Following the weekend every year, a growing number of locals hit the West Country in cleanup mode.

“It used to be ‘I didn’t do it, I ain’t picking it up,’ ” said Livingston. “Now it’s ‘Oh my gosh, look at that mess, let’s stop before it gets strewn all over. …’

“It’s nice to see the hard work is paying off. People, it’s not like they didn’t understand you don’t leave your garbage on the ground, they were making a conscious decision to walk away from it. Now that attitude is changing a little bit.”

In all, Rocky Mountain House and Rimbey RCMP handed out approximately 750 tickets of all manner on the weekend, including 125 in a checkstop on Friday night. These tickets ranged from vehicle violations to alcohol, camping and off-roading infractions.

Most importantly, however, there were no fatalities or critical injuries requiring the aid of STARS.

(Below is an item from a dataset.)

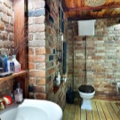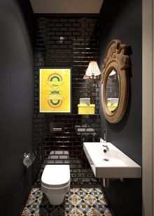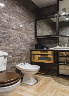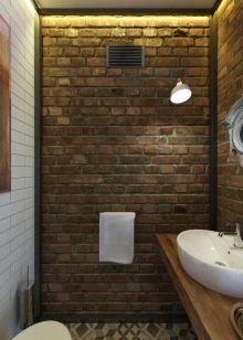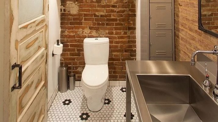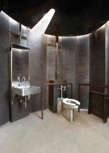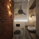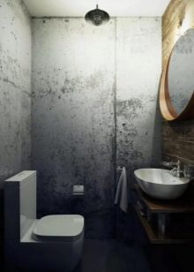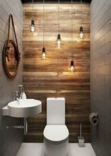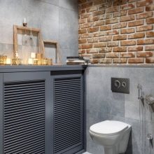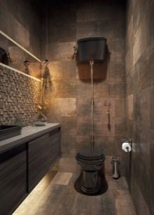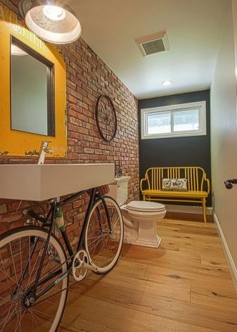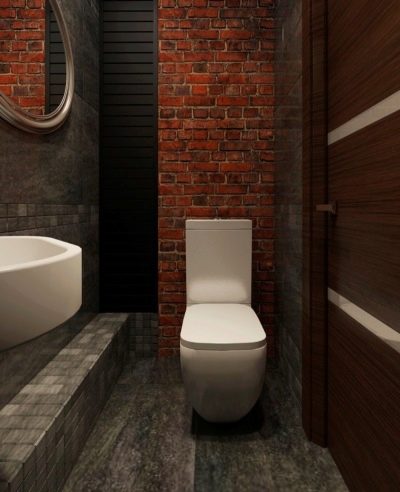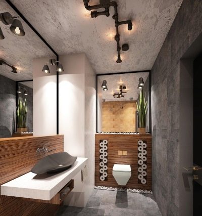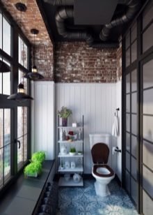 إذا كان المرحاض به نافذة وسقف مرتفع والغرفة فسيحة ، فهذا مجرد حظ. قد يكون هذا الخيار موجودًا في منزل خاص.. سقف من الممكن تزيين الأسقف ذات العوارض الخشبية ، حيث يتم وضع مصباح بالشكل الأصلي ، ينزل على الحبل. الجدران يمكن أن تكون رمادية فقط ، أو ملطخة بالخرسانة ، أو تقليد الطوب أو البناء. الألوان الأساسية – الأسود والأبيض والرمادي والأبيض والبيج والأبيض. وسوف يخفف مثل هذا الداخل لهجة مشرقة. المرحاض الأزرق أو الأخضر جيد لهذا الغرض. ولكن هذا لمحبي الأحاسيس الحية.

“We’ve got a very educated public coming out now for the May long weekend,” said Rocky Mountain House RCMP Staff Sgt. Bill Laidlaw. “The bottom line is, there’s a lot of police officers around and the public that comes out, they’re typically well behaved and they have been for the last few years.”

Shellian acknowledges that while they have taken some positive steps, their work in the West Country is not finished.

“You can’t change the world in one weekend, but what we did see was a lot of positive change in social behaviour,” he said. “It’s a start.”